Pour revenir, comme
promis, sur mon billet précédent, force m’est d’avouer qu’il est une objection,
et une seule, que je veux bien entendre, aux considérations que j’y ai exposées :
il est bien joli d’être « pro-vie » ou je ne sais quelle autre
appellation, mais que proposer aux femmes qui, se découvrant enceintes,
éprouvent pour diverses raisons une détresse telles qu’elles puissent envisager
un avortement ? Des réponses existent déjà, d’autres, plus ambitieuses,
peuvent être imaginées. Mais avant d’y venir, je m’autoriserai quelques
observations.
Sur quoi le poussif
quinquennat de M. Hollande s’est-il ouvert et sur quoi, le jour même où cet
oubliable présidenticule annonçait qu’il ne souhaitait pas renouveler son
mandat, s’est-il symboliquement refermé ? Sur des mesures qualifiées de sociétales.

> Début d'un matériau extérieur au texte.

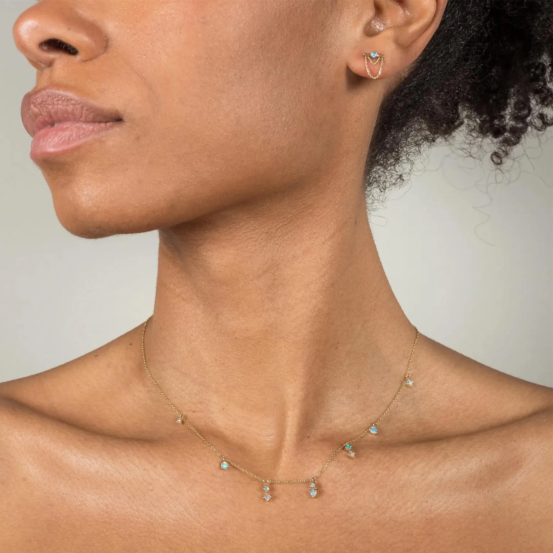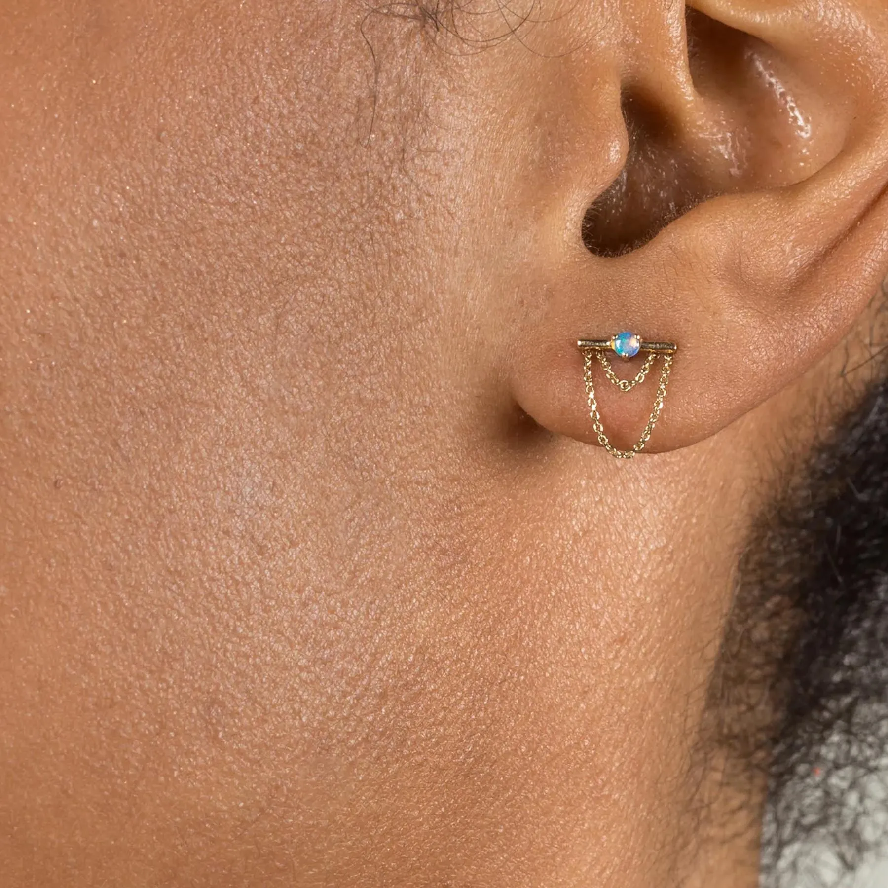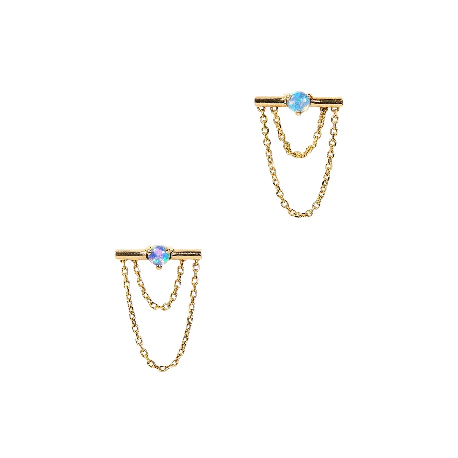 14k Gold Opal bar and Chain Stud Earrings Designer Fashion Stud Earring Simple Sterling Silver Earrings Jewelry High Quality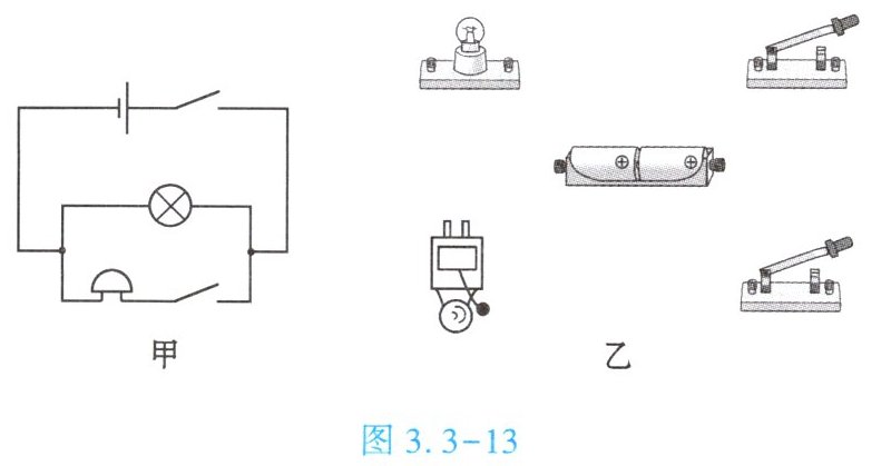 10. (★★★)按照图 3.3 - 13 甲所示的电路图,将图 3.3 - 13 乙中各元件连接起来。(用笔画线表示导线,导线不能交叉)

Pour commencer, le « mariage » dit pour tous, sur lequel je ne
reviendrai pas aujourd’hui, qui a usé des semelles de manifestants (dont celles
de votre serviteur) et fait couler presque autant d’encre que d’aérosol
lacrymogène. Pour finir, cette absurde loi sur le « délit d’entrave
numérique à l’IVG ». Il y a lieu de s’interroger sur l’insistance avec
laquelle M. Hollande, ses ministres et quelques élus de la majorité ont voulu
imposer ces lois. Une explication possible, que je trouve assez convaincante,
est que, faute d’avoir pris des mesures de justice sociale, le président, son
gouvernement et sa majorité avaient besoin d’avoir l’air de gauche en
manifestant en permanence leur progressisme. Faute de socialisme, on nous
servit le sociétalisme[i]. Une manière,
en somme, d’incarner à peu de frais le progrès, le mouvement, de se sentir
autorisé à tancer quiconque n’est pas d’accord. Et, faute d’avoir pour ennemi « la
finance »[ii],
les sociétalistes prirent pour ennemis les « conservateurs »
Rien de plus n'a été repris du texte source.